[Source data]
____

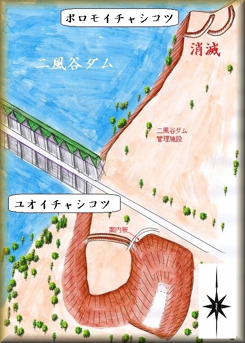 ポロモイチャシは二風谷ダム管理施設のすぐ北側の台地縁にあった。こちらは堀に囲まれた2郭構造の城館であったようだが、上記の通り、ダム工事の際に削り取られてしまい、こちらは消滅してしまっている。鳥瞰図は案内板の図に基づいたものである。
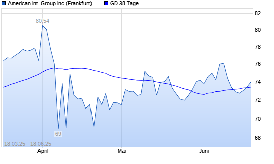 Mit dem Anstieg auf 73,44 EUR hat die AIG-Aktie am 17.06.2025 die 38-Tage-Linie nach oben gekreuzt.Die AIG-Aktie befindet sich seit dem 23.04.2025 im langfristigen Aufwärtstrend und hat in diesem ...weiterlesen
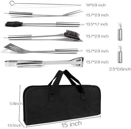 - 20-piece BBQ set, including basic BBQ utensils needed.
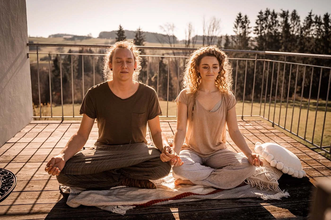 Rund um den Hof sind große Kristalle aufgestellt, die den Ort ganz viel Ruhe & Energie ausstrahlen lassen. Melanie & Alex machten sich in der Hochzeitssuite -entgegen der Tradition – zusammen fertig. Der dazugehörige Balkon eignete sich ideal für eine gemeinsame Yoga Session, die die beiden entspannt in den Tag starten ließ.
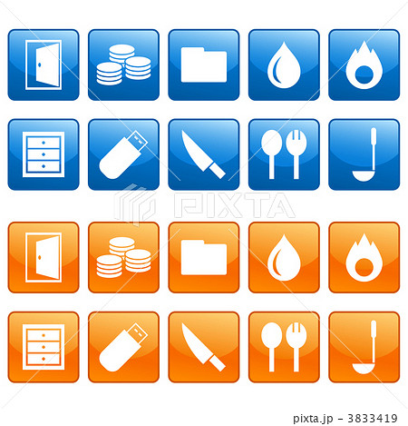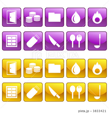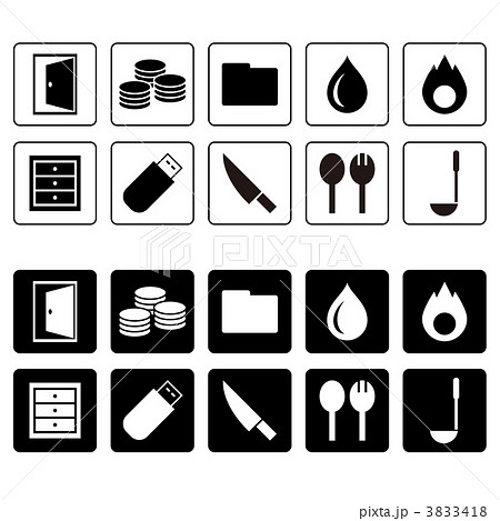 扉、コイン、水滴、炎、引き出しなどのアイコンセット
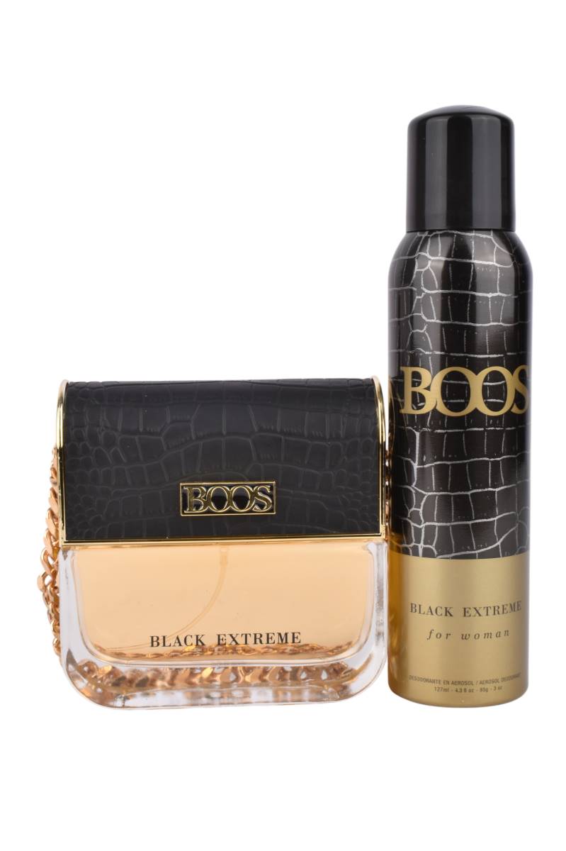 Boos Black Extreme for Woman es un set que combina eau de parfum y desodorante en aerosol para una experiencia de fragancia completa. Ideal para uso diario o salidas especiales, permite reforzar el aroma y mantener una sensación de frescura prolongada. Una opción práctica para regalar o sumar a tu rutina personal.
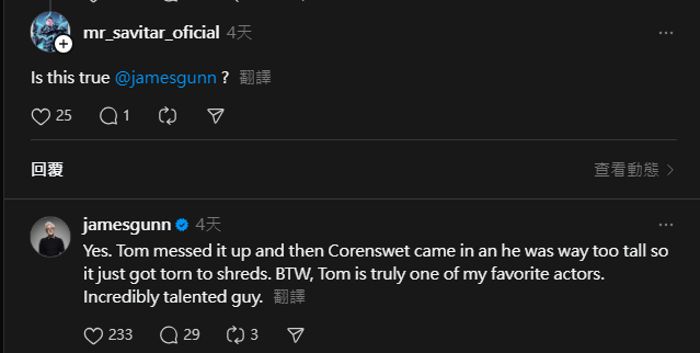 當然,實際上弄壞這件戰袍的並非詹姆斯·岡恩本人。近日,有粉絲在Threads 上詢問岡恩,參與試鏡的湯姆·布里特尼(Tom Brittney)是否真的如他所說,在試鏡的時候穿壞了亨利·卡維爾的超人服裝。對此,岡恩便回應道:
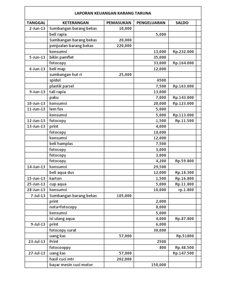 Contoh Laporan Keuangan Kegiatan Perpisahan Sekolah - Kumpulan Contoh Laporan
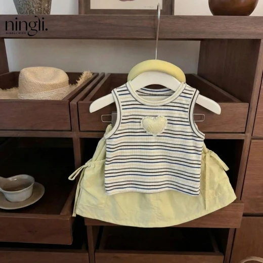 2103gc46 ÁO KẺ ĐÍNH TIM MIX CHÂN VÁY BG Mê cái tone vàng chanh này quá luôn, diện tôn da xinh xỉu Duy nhất 1 màu như hình #xxxk/set Sz: 80-140 Size tham khảo: 80: ~8-11kg 90: ~10–12kg 100: ~12–14kg 110: ~14–16kg 120: ~16–18kg 130: ~18–21kg 140: ~21–25kg giá: 166k `` chốt 2103
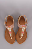 This gorgeous flat sandal features a t-strap with beaded chevron design, instep elasticized straps, and lightly padded insole.
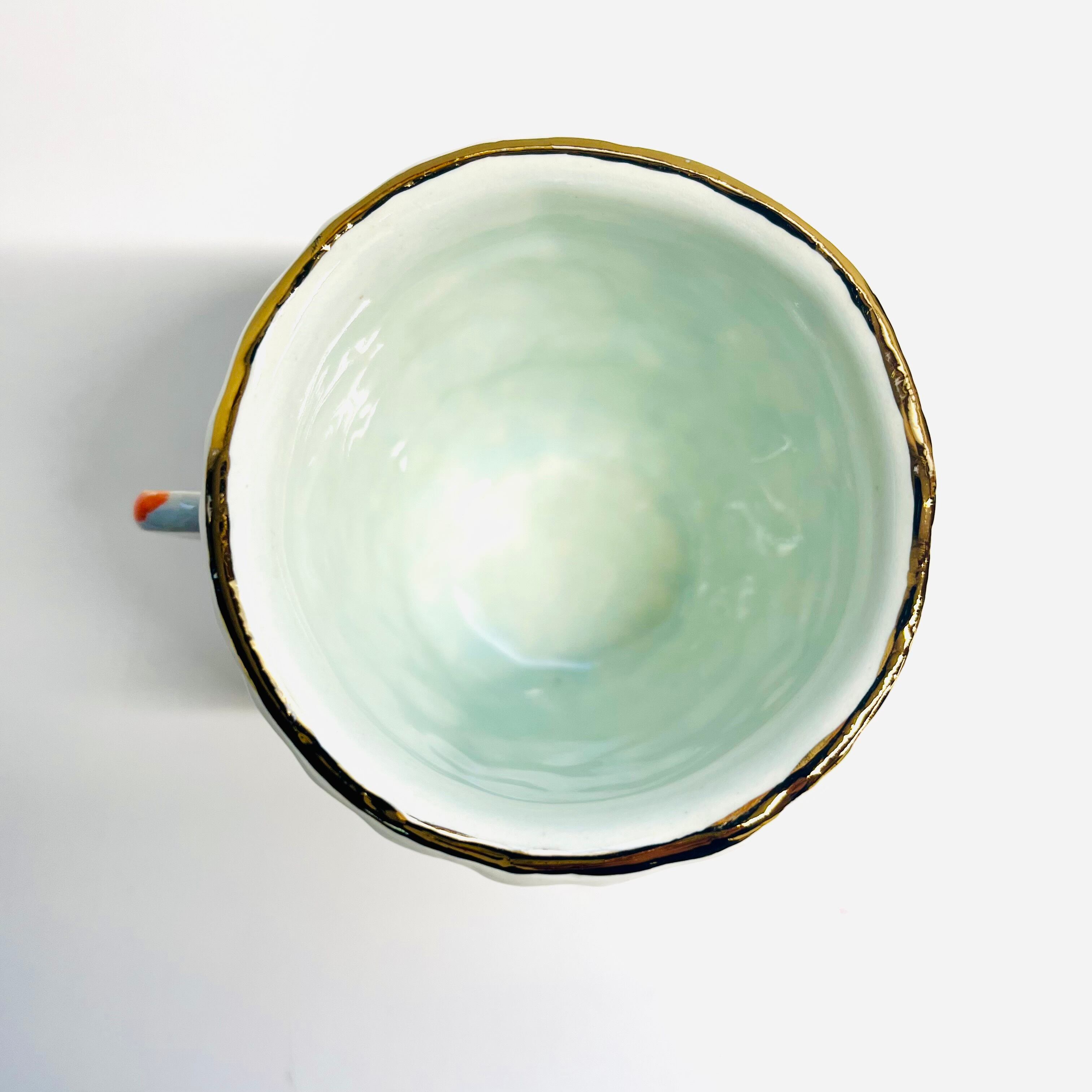 金や銀(金彩、銀彩)の部分に関しては、焼き付けてはおりますが、あくまで半永久の物になりますので、使用していると薄れてきたり色合いが変化したりします。また、固めのスポンジ等でで擦るととれてしまう事があります。時間の経過の雰囲気、味としてご理解頂けます様お願い致します。金彩の金の含有率は6%のものを使用しています。

____

Please repeat the entries exactly. Do not include the pictures.

**Answer to this exercise:**
 ポロモイチャシは二風谷ダム管理施設のすぐ北側の台地縁にあった。こちらは堀に囲まれた2郭構造の城館であったようだが、上記の通り、ダム工事の際に削り取られてしまい、こちらは消滅してしまっている。鳥瞰図は案内板の図に基づいたものである。
 Mit dem Anstieg auf 73,44 EUR hat die AIG-Aktie am 17.06.2025 die 38-Tage-Linie nach oben gekreuzt.Die AIG-Aktie befindet sich seit dem 23.04.2025 im langfristigen Aufwärtstrend und hat in diesem ...weiterlesen
 - 20-piece BBQ set, including basic BBQ utensils needed.
 Rund um den Hof sind große Kristalle aufgestellt, die den Ort ganz viel Ruhe & Energie ausstrahlen lassen. Melanie & Alex machten sich in der Hochzeitssuite -entgegen der Tradition – zusammen fertig. Der dazugehörige Balkon eignete sich ideal für eine gemeinsame Yoga Session, die die beiden entspannt in den Tag starten ließ.
 扉、コイン、水滴、炎、引き出しなどのアイコンセット
 Boos Black Extreme for Woman es un set que combina eau de parfum y desodorante en aerosol para una experiencia de fragancia completa. Ideal para uso diario o salidas especiales, permite reforzar el aroma y mantener una sensación de frescura prolongada. Una opción práctica para regalar o sumar a tu rutina personal.
 當然,實際上弄壞這件戰袍的並非詹姆斯·岡恩本人。近日,有粉絲在Threads 上詢問岡恩,參與試鏡的湯姆·布里特尼(Tom Brittney)是否真的如他所說,在試鏡的時候穿壞了亨利·卡維爾的超人服裝。對此,岡恩便回應道:
 Contoh Laporan Keuangan Kegiatan Perpisahan Sekolah - Kumpulan Contoh Laporan
 2103gc46 ÁO KẺ ĐÍNH TIM MIX CHÂN VÁY BG Mê cái tone vàng chanh này quá luôn, diện tôn da xinh xỉu Duy nhất 1 màu như hình #xxxk/set Sz: 80-140 Size tham khảo: 80: ~8-11kg 90: ~10–12kg 100: ~12–14kg 110: ~14–16kg 120: ~16–18kg 130: ~18–21kg 140: ~21–25kg giá: 166k `` chốt 2103
 This gorgeous flat sandal features a t-strap with beaded chevron design, instep elasticized straps, and lightly padded insole.
 金や銀(金彩、銀彩)の部分に関しては、焼き付けてはおりますが、あくまで半永久の物になりますので、使用していると薄れてきたり色合いが変化したりします。また、固めのスポンジ等でで擦るととれてしまう事があります。時間の経過の雰囲気、味としてご理解頂けます様お願い致します。金彩の金の含有率は6%のものを使用しています。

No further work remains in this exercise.